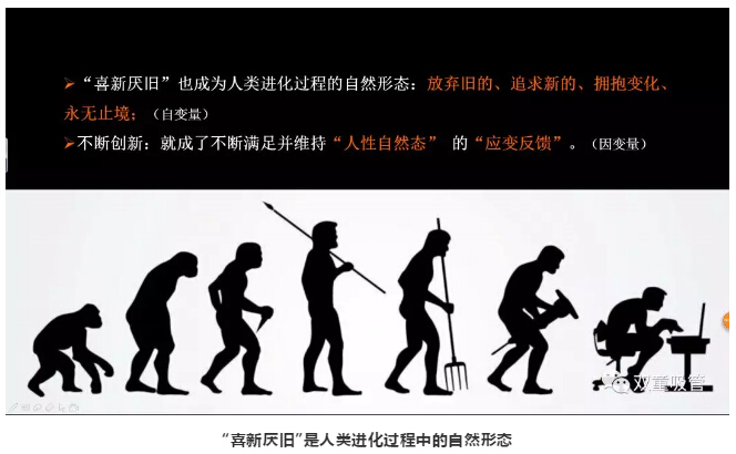 人類作為生物進化的物種,其屬性遵循自然規(guī)律,本性就是“喜新厭舊”的。因此,不斷創(chuàng)新就成了不斷滿足并維持“人性自然態(tài)” 的“應變反饋”。
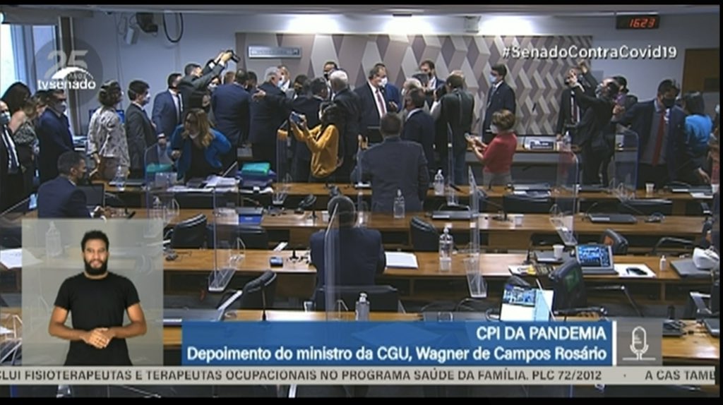 Já cheguei na #CPIdaCovid e está tendo briga porque Renan exibiu o vídeo de Queiroga mostrando o dedo, antes disto eles haviam informado que o presidente do senado irá investigar o vídeo do Jair Renan
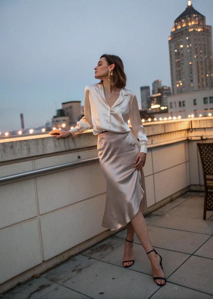 A satin slip skirt paired with a blouse is a luxurious old money outfit. The smooth fabric of the skirt adds elegance, while the blouse provides structure. This combination is perfect for evening events or romantic dinners.
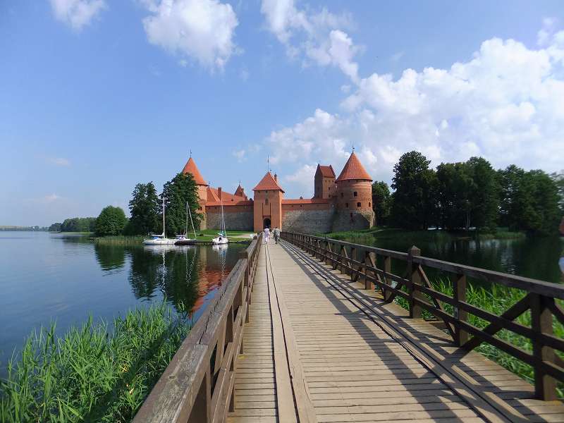 ![]() トラカイ城の本丸 今は水の無い堀に架かる橋を渡って内部へ |
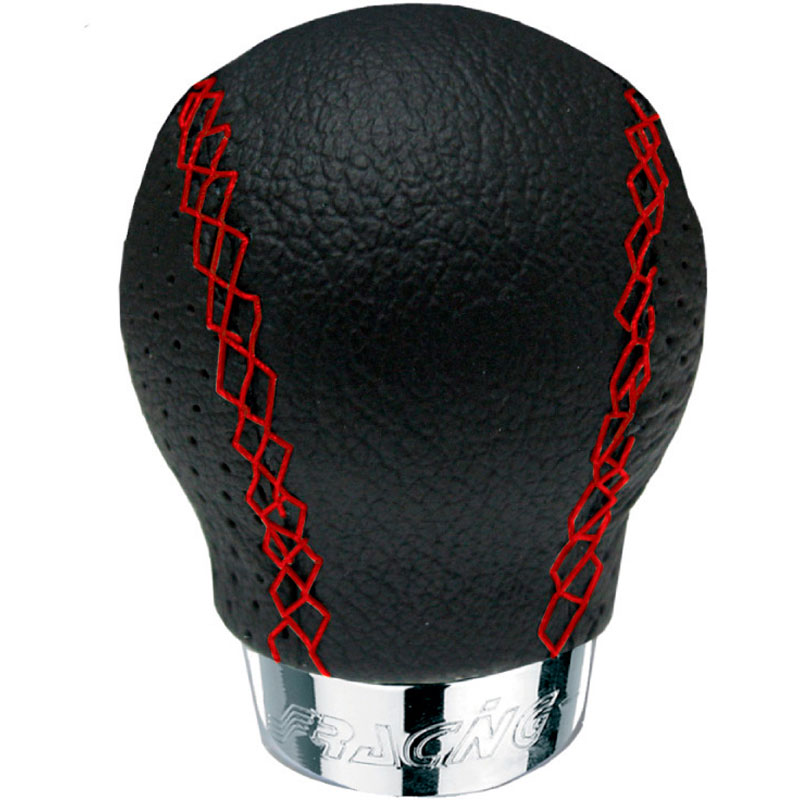 Simoni Racing universele pookknop 'Set' zwart leder + rode stiksels
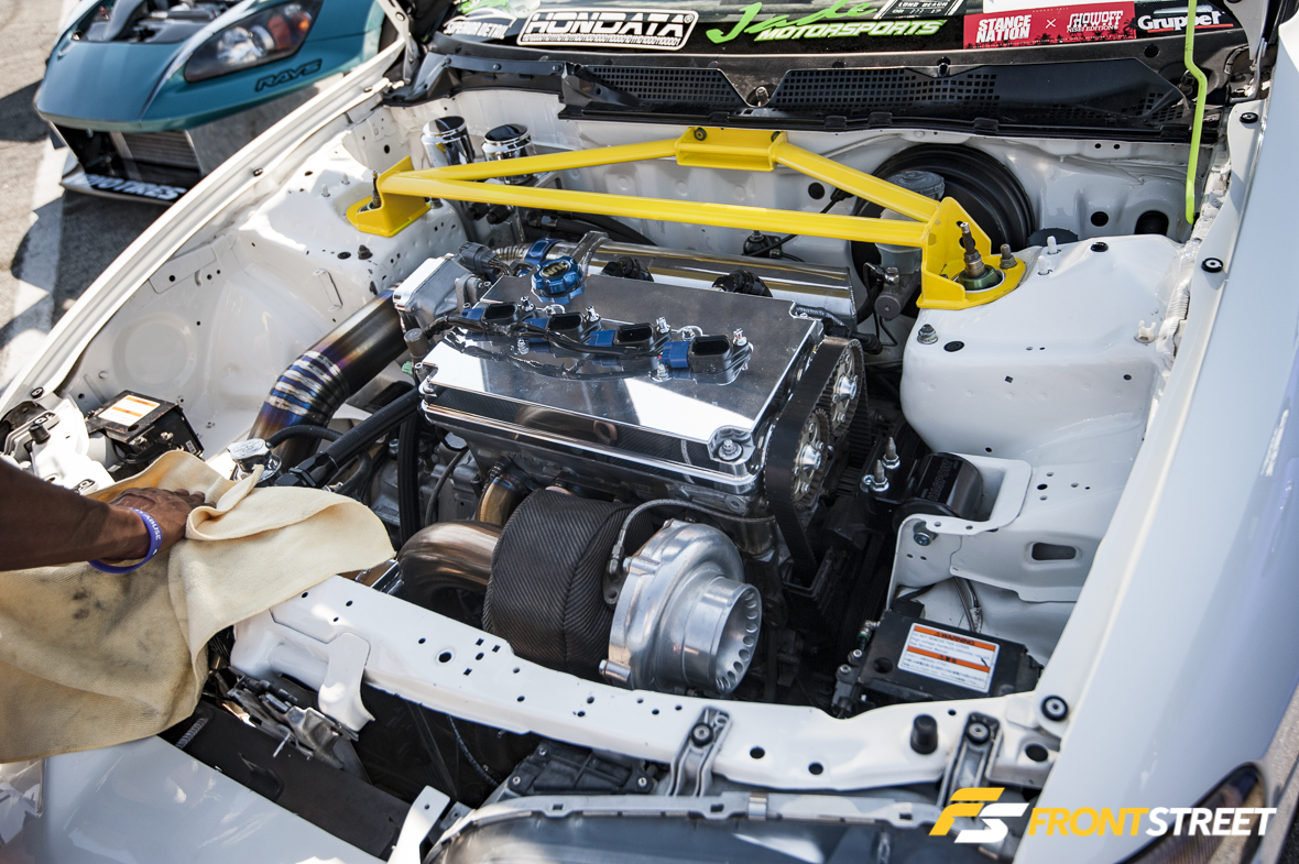 The only mishap in Top 8 competition came at the hand of Odi Bakchis, when he ran into the back of Deane’s Worthouse S15 Silvia during their first run. This wouldn’t normally be an issue, but in keeping with what seemed to be the theme of the night, that wasn’t the case. Both cars would be towed off the course with suspension damage. Since Odi was deemed to be at fault, Deane and his team were given 10 minutes to try to fix the car. He then was forced to use a competition timeout when he couldn’t make it back to the line in time, and when that expired the round was called in his favor without the two men having to drive their second bout.
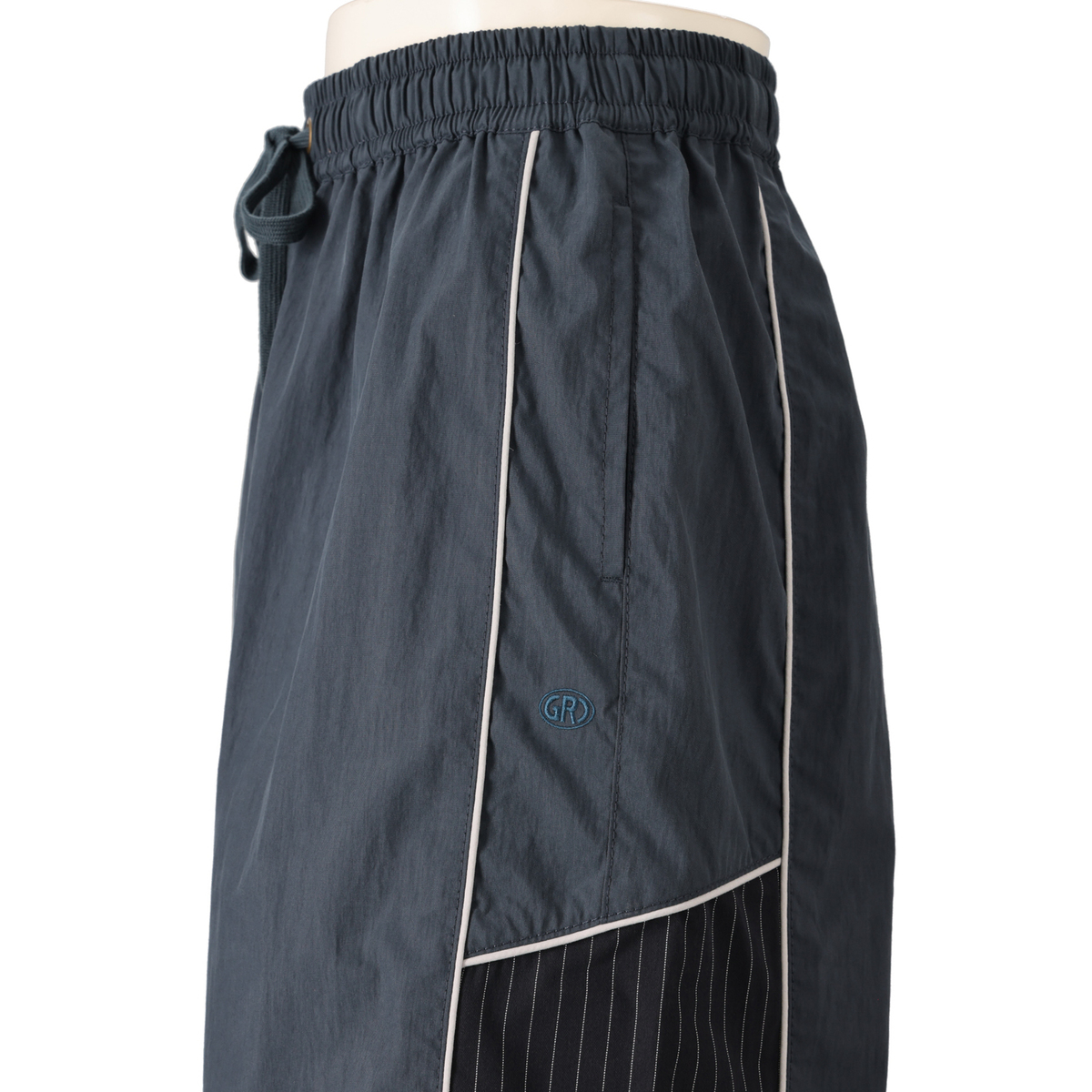 本体は高密度な布帛素材を採用し、脇パーツ下部にはストライプ柄の布帛ツイル素材を切替えて別布使いしています。脇には便利なポケット付きです
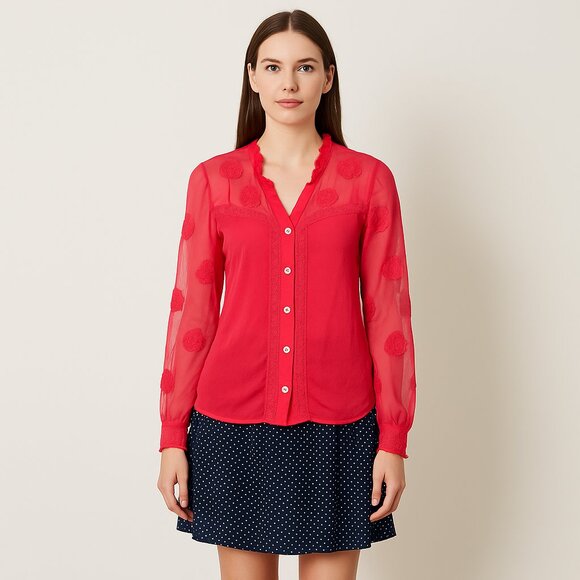 Anthropologie Meadowrue Red Sheer Lace Buttondown size Small NWOT
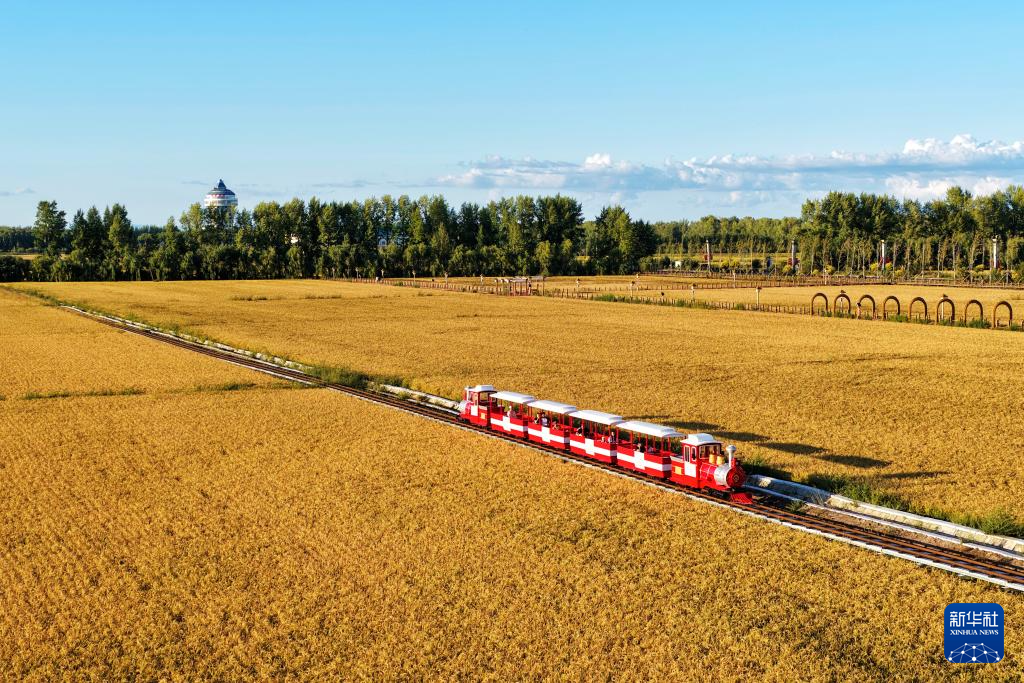 9月6日,在黑龍江省佳木斯市同江市,旅游小火車在稻田間行駛(無人機照片)。
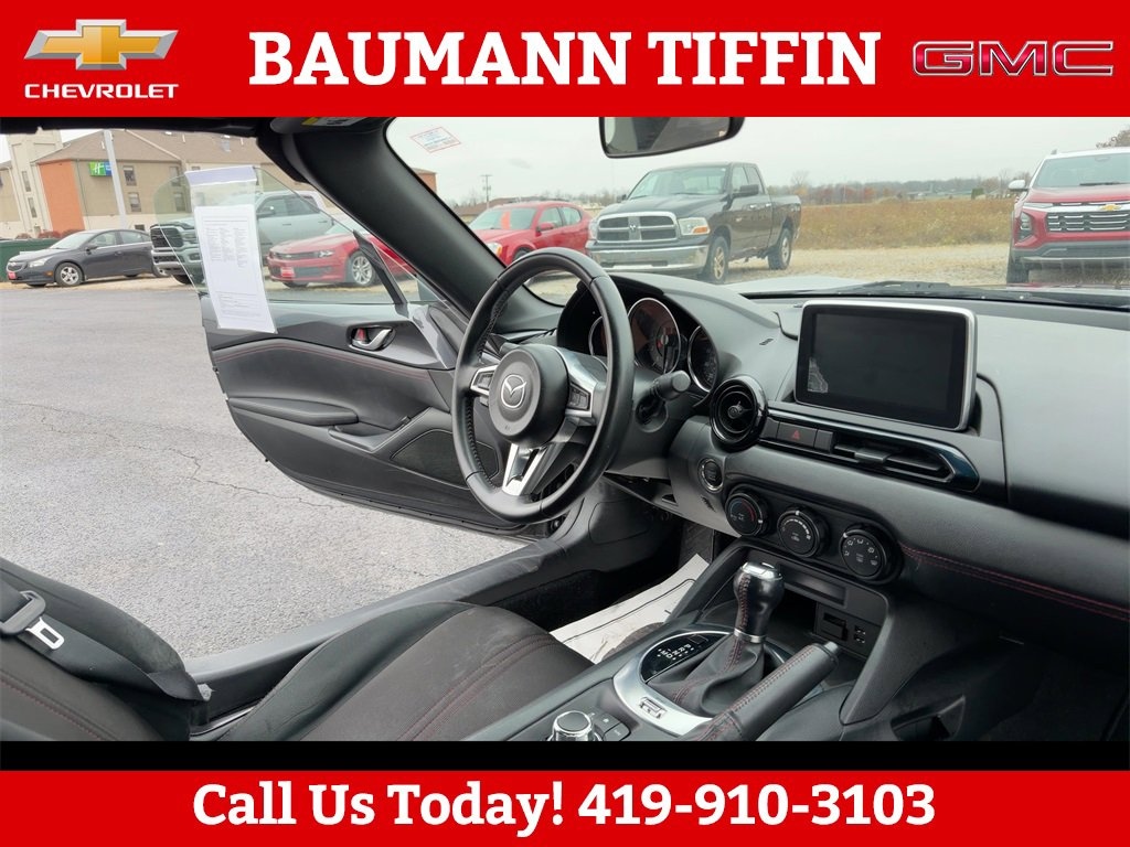 Black W/Red Stitching Cloth, 17 x 7 Dark Gunmetal Aluminum Alloy Wheels, 4-Wheel Disc Brakes, 9 Speakers, ABS brakes, Advanced Keyless Entry System, Air Conditioning, Alloy wheels, AM/FM radio: SiriusXM, Brake assist, Bumpers: body-color, CD player, Cloth Upholstery, Convertible roof wind blocker, Driver vanity mirror, Dual front impact airbags, Dual front side impact airbags, Electronic Stability Control, Emergency communication system: Mazda Connect, Four wheel independent suspension, Front anti-roll bar, Front Bucket Seats, Front Center Armrest, Glass rear window, Illuminated entry, Leather Shift Knob, Low tire pressure warning, Occupant sensing airbag, Outside temperature display, Panic alarm, Passenger vanity mirror, Power door mirrors, Power steering, Power windows, Radio data system, Radio: AM/FM/HD Stereo w/CD Player, Rear anti-roll bar, Rear window defroster, Reclining Front Bucket Seats, Remote keyless entry, Speed control, Speed-sensing steering, Spoiler, Sport steering wheel, Steering wheel mounted audio controls, Tachometer, Tilt steering wheel, Traction control, Trip computer, Variably intermittent wipers, Wheel Locks, Black W/Red Stitching Cloth.
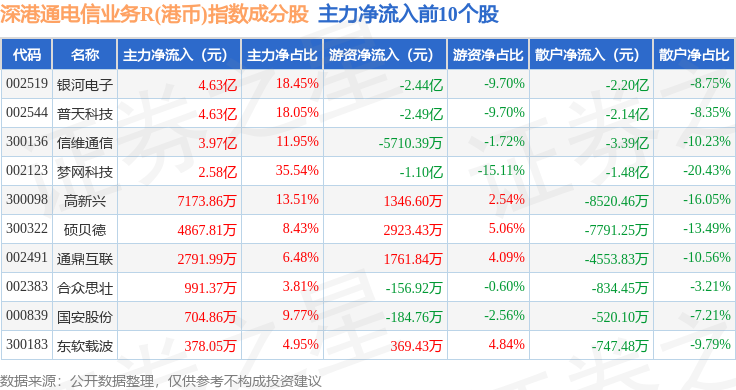 资金流向方面,深港通电信业务R(港币)(483030)指数成份股当日主力资金净流出合计117.09亿元,游资资金净流入合计41.98亿元,散户资金净流入合计75.11亿元。成份股资金流向详情见下表:

**What you are asked to do:**
Your answer must be an exact repeat of the records above, with no pictures in it.

**Answer section:**
 人類作為生物進化的物種,其屬性遵循自然規(guī)律,本性就是“喜新厭舊”的。因此,不斷創(chuàng)新就成了不斷滿足并維持“人性自然態(tài)” 的“應變反饋”。
 Já cheguei na #CPIdaCovid e está tendo briga porque Renan exibiu o vídeo de Queiroga mostrando o dedo, antes disto eles haviam informado que o presidente do senado irá investigar o vídeo do Jair Renan
 A satin slip skirt paired with a blouse is a luxurious old money outfit. The smooth fabric of the skirt adds elegance, while the blouse provides structure. This combination is perfect for evening events or romantic dinners.
 ![]() トラカイ城の本丸 今は水の無い堀に架かる橋を渡って内部へ |
 Simoni Racing universele pookknop 'Set' zwart leder + rode stiksels
 The only mishap in Top 8 competition came at the hand of Odi Bakchis, when he ran into the back of Deane’s Worthouse S15 Silvia during their first run. This wouldn’t normally be an issue, but in keeping with what seemed to be the theme of the night, that wasn’t the case. Both cars would be towed off the course with suspension damage. Since Odi was deemed to be at fault, Deane and his team were given 10 minutes to try to fix the car. He then was forced to use a competition timeout when he couldn’t make it back to the line in time, and when that expired the round was called in his favor without the two men having to drive their second bout.
 本体は高密度な布帛素材を採用し、脇パーツ下部にはストライプ柄の布帛ツイル素材を切替えて別布使いしています。脇には便利なポケット付きです
 Anthropologie Meadowrue Red Sheer Lace Buttondown size Small NWOT
 9月6日,在黑龍江省佳木斯市同江市,旅游小火車在稻田間行駛(無人機照片)。
 Black W/Red Stitching Cloth, 17 x 7 Dark Gunmetal Aluminum Alloy Wheels, 4-Wheel Disc Brakes, 9 Speakers, ABS brakes, Advanced Keyless Entry System, Air Conditioning, Alloy wheels, AM/FM radio: SiriusXM, Brake assist, Bumpers: body-color, CD player, Cloth Upholstery, Convertible roof wind blocker, Driver vanity mirror, Dual front impact airbags, Dual front side impact airbags, Electronic Stability Control, Emergency communication system: Mazda Connect, Four wheel independent suspension, Front anti-roll bar, Front Bucket Seats, Front Center Armrest, Glass rear window, Illuminated entry, Leather Shift Knob, Low tire pressure warning, Occupant sensing airbag, Outside temperature display, Panic alarm, Passenger vanity mirror, Power door mirrors, Power steering, Power windows, Radio data system, Radio: AM/FM/HD Stereo w/CD Player, Rear anti-roll bar, Rear window defroster, Reclining Front Bucket Seats, Remote keyless entry, Speed control, Speed-sensing steering, Spoiler, Sport steering wheel, Steering wheel mounted audio controls, Tachometer, Tilt steering wheel, Traction control, Trip computer, Variably intermittent wipers, Wheel Locks, Black W/Red Stitching Cloth.
 资金流向方面,深港通电信业务R(港币)(483030)指数成份股当日主力资金净流出合计117.09亿元,游资资金净流入合计41.98亿元,散户资金净流入合计75.11亿元。成份股资金流向详情见下表:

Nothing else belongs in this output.